Supreme Court of Florida, Special Division B.

July 24, 1953.

*496 P. Donald DeHoff, Jacksonville, for appellant.

Rush & Pierce, John A. Rush and Victor Blue, Jacksonville, for appellee.

PARKS, Associate Justice.

Dorothy L. Campbell brings action for slander in two counts against the defendant, Jacksonville Kennel Club, Inc. The first count charges that defendant at its race track, through a servant or employee acting within the scope of his employment, falsely and maliciously spoke and published of and concerning plaintiff the words, "`What man's pocket did you pick this out of?' meaning thereby that the plaintiff was a pickpocket and a criminal. Whereby, plaintiff suffered injury to her character and reputation, respect in the community and suffered mental anguish." The second count charges that the servant and employee spoke and published of her the words, "`I'm not cashing any ticket for any stoop.' meaning thereby, a person who picks up race track tickets off the ground and attempts to cash them in as his own purchased tickets. Whereby, plaintiff suffered injury to her character and reputation, respect in the community and suffered mental anguish."

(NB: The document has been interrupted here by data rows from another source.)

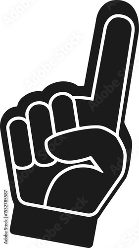 Showing stylized black foam hand pointing upward, flat design white outline, transparent background
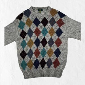 Gray Club Room Vintage Argyle 100% Wool Sweater
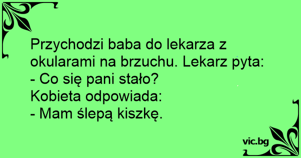 Przychodzi baba do lekarza z okularami na brzuchu. Lekarz pyta:
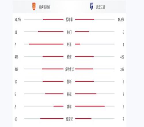 本場數(shù)據(jù)方面,銅梁龍與三鎮(zhèn)的控球率是51.7%-48.3%、射門是11-6、角球是2-6、搶斷是10-9。數(shù)據(jù)上,銅梁龍面對昔日中超冠軍,也完全不落下風(fēng)。
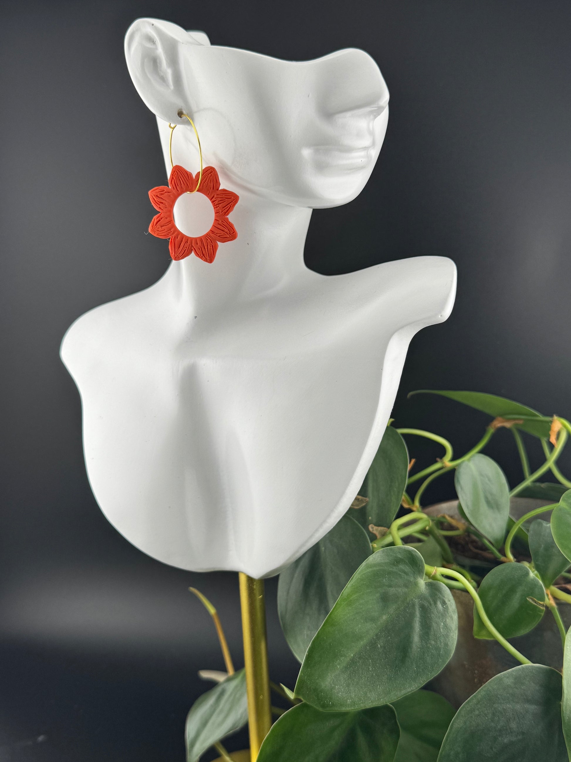 These Sunflower Hoop Earrings combine timeless charm with hand-crafted quality. Comes in 4 colors: Wine, Green, Terracotta, and Orange.
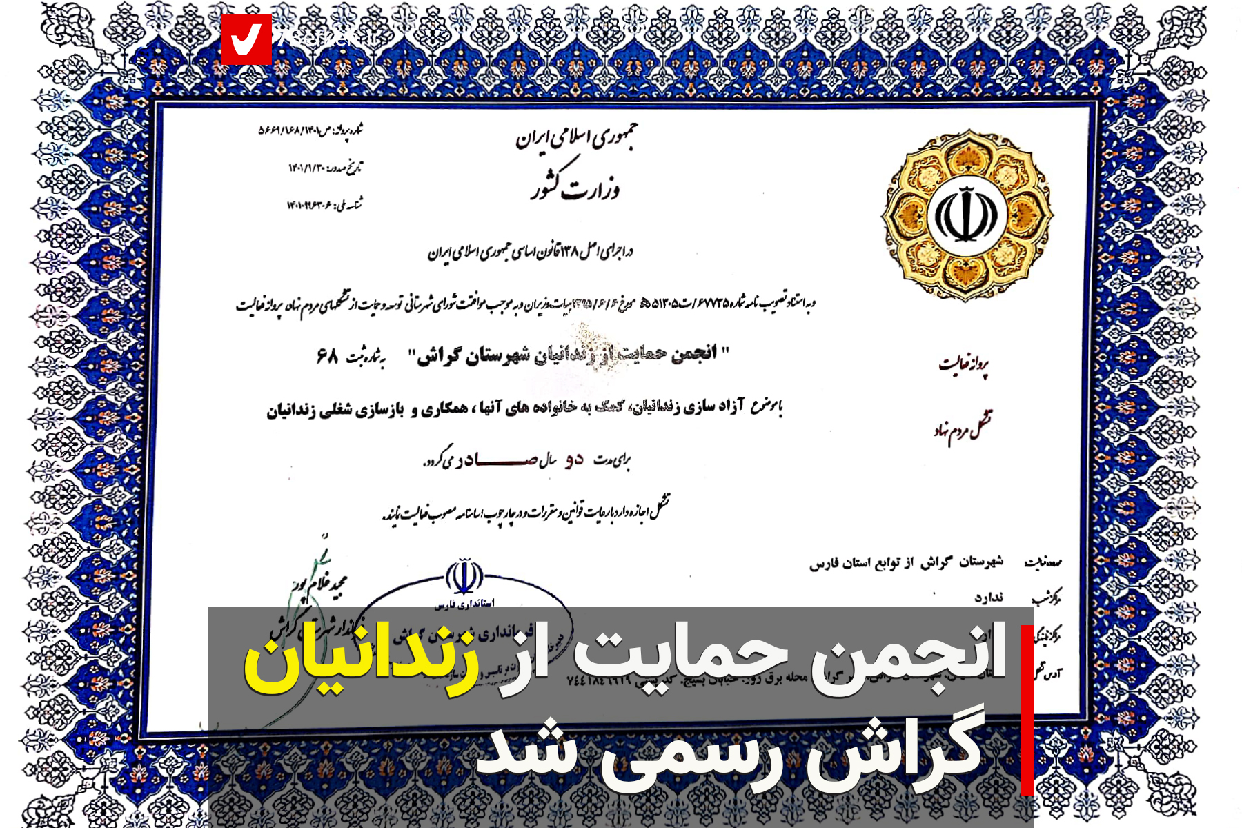 به گزارش هفتبرکه، آذرماه سال ۹۹ انجمن حمایت از زندانیان شهرستان گراش تشکیل و حالا با گذشت ۱۷ ماه از تشکیل این انجمن مجوز فعالیت آن از سوی شورای توسعه شهرستانی و حمایت از تشکلهای مردمنهاد صادر شد.

The defense to the "pickpocket" count is that there was no publication of the slanderous words. The defense to the "stoop" count is that the charge is not per se slanderous and no special damages are alleged or proven.

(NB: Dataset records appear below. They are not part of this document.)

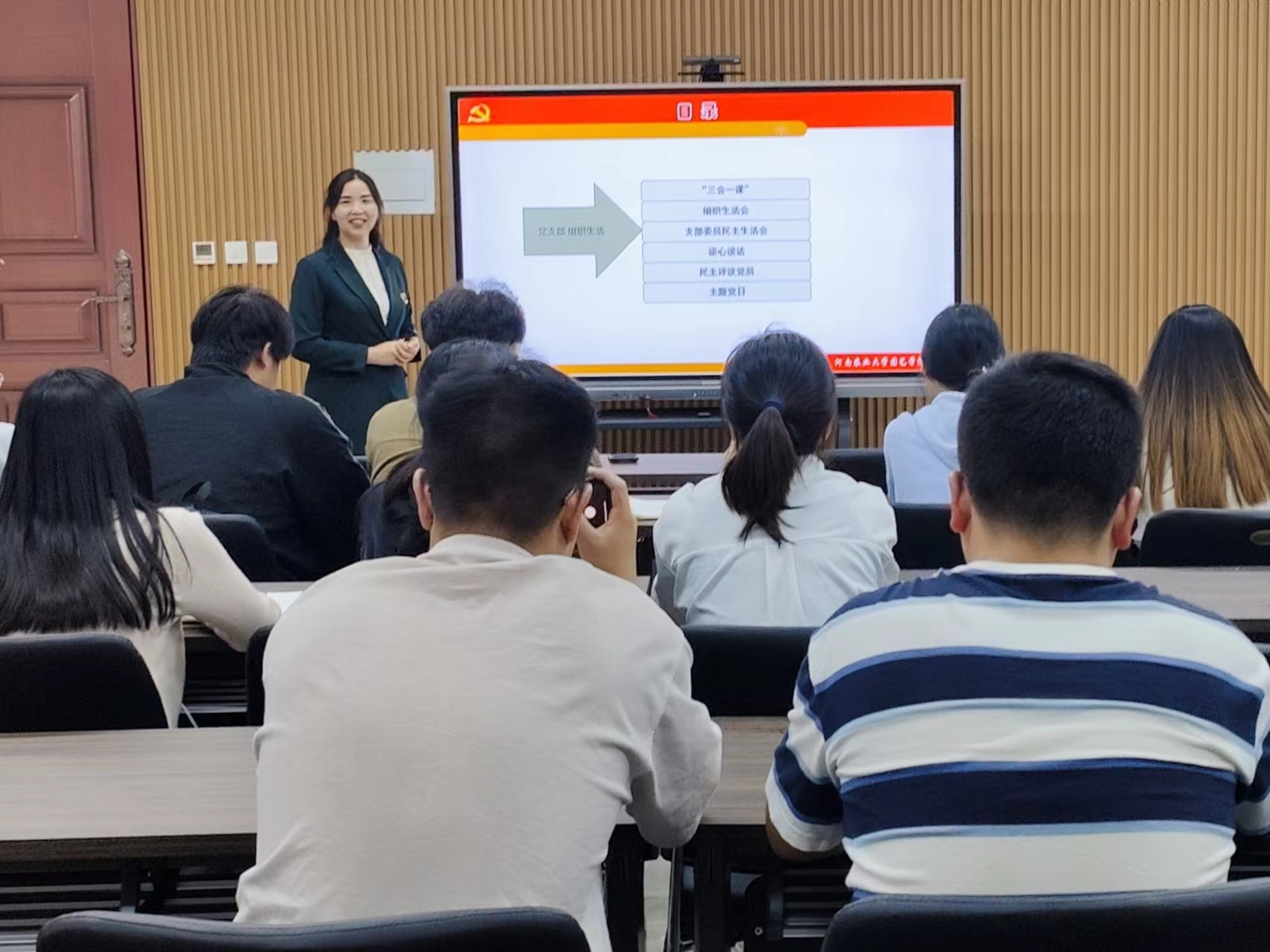 冯帅老师结合中国共产党发展党员工作流程图,从申请入党、入党积极分子的确定和培养教育发展对象的确定和考察、预备党员的接收、预备党员的教育观察和转正,带领大家逐一学习了以上内容。随后,毛书记从党支部组织生活有关规定,发展党员的标准和程序,不合格党员的处置方式和程序三个方面展开,对“三会一课”的内容频次、程序要点等进行了详细解读。会上,毛书记多次强调学生党支部在推优培养、监督管理党员工作中的重要意义,对学生党支部书记的责任感、使命感和奉献意识提出要求,希望各个学生党支部支部书记和委员发挥好党员模范带头作用,扎实做好党员发展和积极分子培养教育工作,在各项工作和学生活动中,发挥党支部的战斗堡垒作用,在今后的学习工作中,要以身作则,时刻以高度的责任感和使命感发挥好党员干部的模范带头作用。
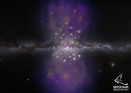美国国家科学基金会的绿堤射电望远镜(Green Bank Telescope)发现,成群结队的氢气泡从银河系中心飞出,时速为100万公里。
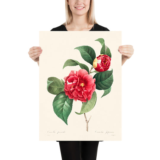 Redouté, nacido en Bélgica, se ganó el reconocimiento como profesor de pintura de María Antonieta antes de sumergirse en la extensa y prolífica documentación de especies vegetales. A lo largo de su carrera, publicó más de 2100 ilustraciones botánicas, lo que consolidó su lugar como figura icónica en el campo del arte botánico. Su ilustración de la Camelia japonica es particularmente especial, ya que muestra los elegantes detalles y los colores vibrantes que son característicos de su estilo.
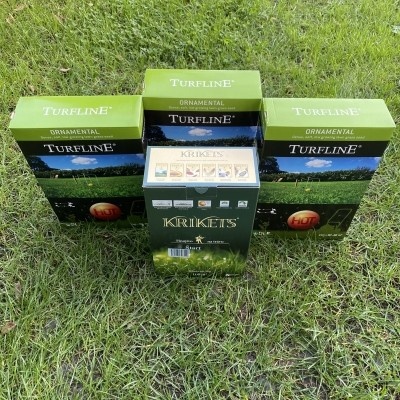 Set 3x travní směsi DLF Turfline Ornamental Park 1kg a 1x startovacího hnojiva KRIKETS® 2kg představuje ideální balení pro založení okrasného parkového trávníku na ploše 100m2.
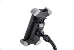 Tämän kätevän telineen avulla älypuhelimesi on aina käsiesi ulottuvilla. Teline on yhteensopiva kaikkien älypuhelimien ja litteiden laitteiden kanssa, joiden leveys on 55mm-85 mm. Telineen käyttäminen on äärimmäisen helppoa. Takana oleva pikalukituspainike lukitusmekanismilla avaa kumiset puristimet ja telineessä oleva laite voidaan helposti irrottaa. Joustavan pallonivelen ansiosta pidikettä voidaan kallistaa ylös ja alas sekä kääntää 360°.
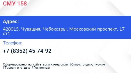 СМУ-158 по адресу 428015, Чувашия, Чебоксары, Московский проспект, 17 ст1 в дальнейшем Организация, размещена в следующих категориях:
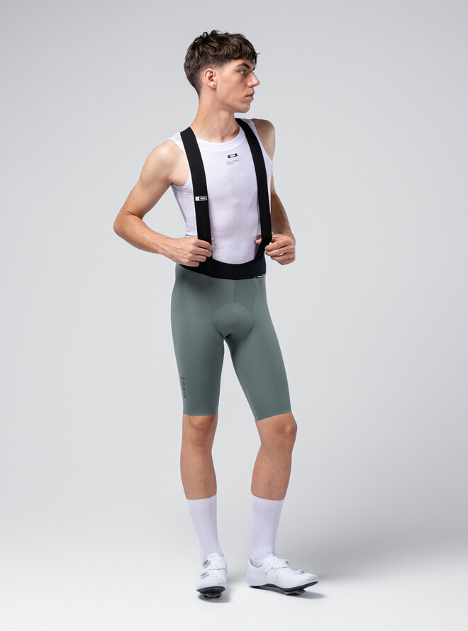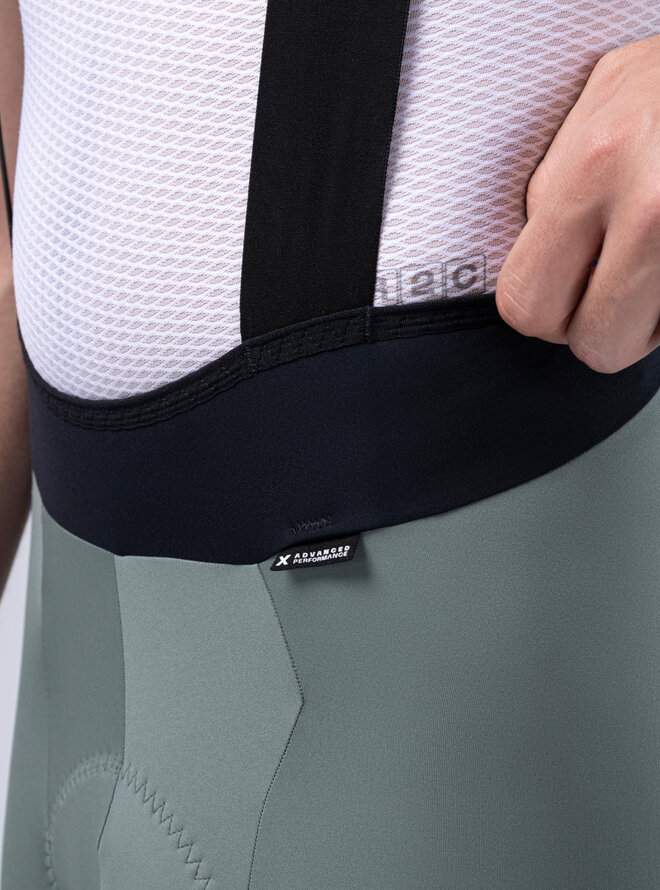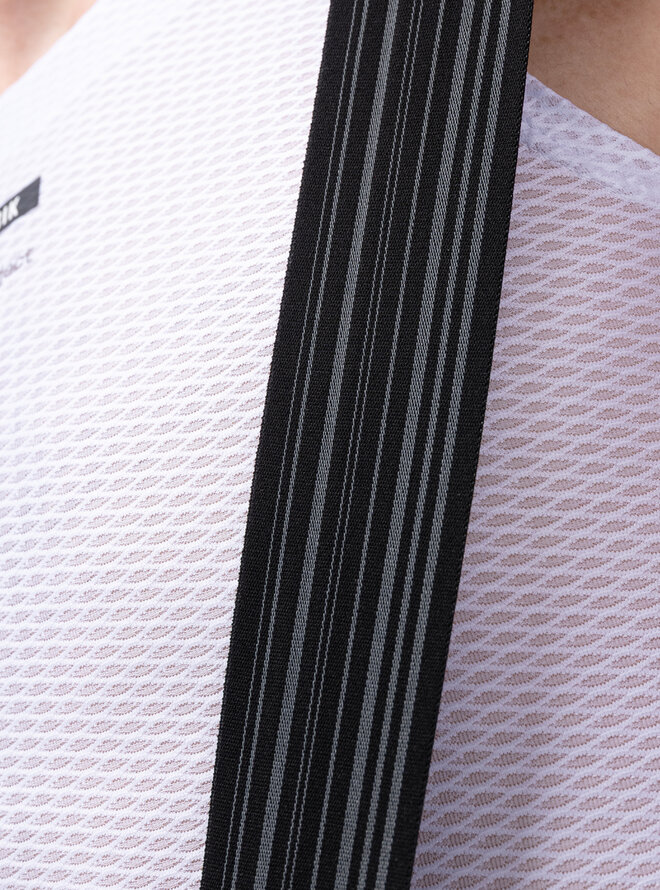 Ergonomiczne szelki o czystym (bezszwowym) kroju i przedłużonych ramiączkach zawierają włókno grafenowe, które wspomaga termoregulację, neutralizuje nieprzyjemne zapachy i zapobiega zatrzymywaniu wilgoci. Spodnie wykończone bez szwów zapewniają precyzyjne i łatwe dopasowanie, eliminują punkty nacisku i dają poczucie drugiej skóry nawet na wymagających trasach.

On the occasion of the incident giving rise to the utterances the plaintiff with Mrs. Gerald J. Golden, a friend of several years standing, attended the dog races at defendant's track. They had attended the races together on numerous prior occasions and had bought "split" tickets many times. By "split ticket" is meant that each contributed $1 towards the purchase price of a $2 ticket. The winnings, if any, are, of course, divided equally between them. During the meet and prior to the running of the third race Mrs. Golden suggested that they split a 1-8 quinella ticket for that race which, after some discussion, was agreed to by plaintiff. Mrs. Golden then gave plaintiff $1 to which she added a like amount of her own money and bought the ticket retaining it in her possession. The ticket won and after several intervening races they went to the pay window to cash it, Mrs. Golden standing near plaintiff as she passed the ticket through the window for payment. It was at this point that defendant's employee, one Blattner, whose duty it was to cash the ticket, upon examining it, uttered the "pickpocket" charge. No one other than plaintiff and Mrs. Golden heard the charge. Upon plaintiff's demand the employee returned the ticket to her and she and Mrs. Golden turned away from the window and seeing nearby another of defendant's employees. one Pop Lavina, with whom they were well acquainted, related the incident to him. Thereupon, returning with them to the window he inquired of Blattner why he did not cash the ticket. His reply was the utterance charge in the "stoop" count.

At the trial plaintiff introduced evidence establishing the foregoing facts and rested. Thereupon, defendant moved the Court to direct a verdict on the "pickpocket" count on the ground that there was no publication of that charge. The Court agreed that there was no publication because Mrs. Golden, the only person other than plaintiff who heard it, was a joint adventurer in the purchase and collection of the ticket and announced that he would grant the motion. Then the defendant moved to dismiss the "stoop" count on the ground that it failed to state a cause of action for the reason that no special damages were alleged. The Court also granted this motion and dismissed the count. Plaintiff thereupon took nonsuit with bill of exceptions to the ruling in the "pickpocket" count and excepted to the granting of the motion to dismiss the "stoop" count. Errors are assigned to both rulings.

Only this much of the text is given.